Atique, F., & Attoh-Okineb, N. (2018). Copula parameter estimation using Bayesian inference for pipe data analysis. Canadian Journal of Civil Engineering, 45(1), 61-70.

Pitt, M., Chan, D., & Kohn, R. (2006). Efficient Bayesian Inference for Gaussian Copula Regression Models. Biometrika, 93(3), 537-554.

My two cents.

If you know the measurement error of a covariate x you can use me() terms in brms, for instance me(x, sdx) instead of x.

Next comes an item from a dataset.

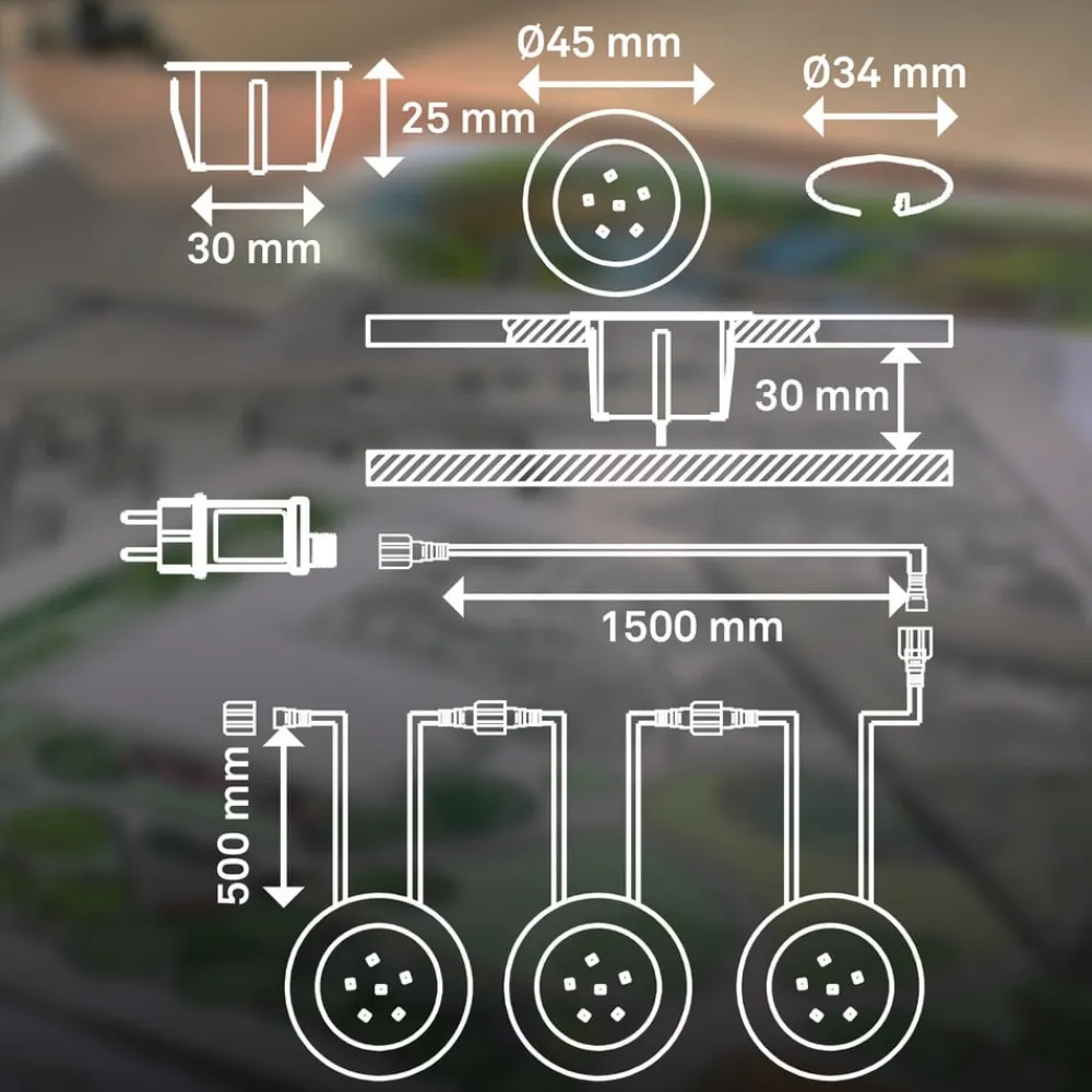 Dette sæt med tre varmhvide LED-indbygningsspots er et komplet sæt til Briloners 12 V udendørslampe-system. De runde spots har rustfrit stålhus og plastdæksel og leveres med passende tilslutningskabler med stik til 12 V-systemet. En udendørs stiknetforsyning til 230 V tilslutning til stikkontakten medfølger. Afhængigt af behovet kan yderligere komponenter (se tilbehør) eller lamper fra 12 V-systemet tilføjes.

In addition, I co-authored a recent paper that gives a fairly friendly intro/backgrounder to the endogeneity problem:

Ketokivi, M., & McIntosh, C.N. (2017). Addressing the endogeneity dilemma in operations management research: Theoretical, empirical, and pragmatic considerations. Journal of Operations Management, 52, 1-14. https://doi.org/10.1016/j.jom.2017.05.001

Thanks for the references. I will check them. I’m wondering whether someone out there in the Stanyverse has already worked with corpulas?

I did so and was happy that make_stancode is also available for these multivariate models!

In this regard I realized that you avoid working with for-loops and rather “hardcode” the different outcomes. Any deeper reason behind this (e.g. optimization)?

That’s because the predictor terms of the outcomes may vary structurally, which cannot be represented in a loop.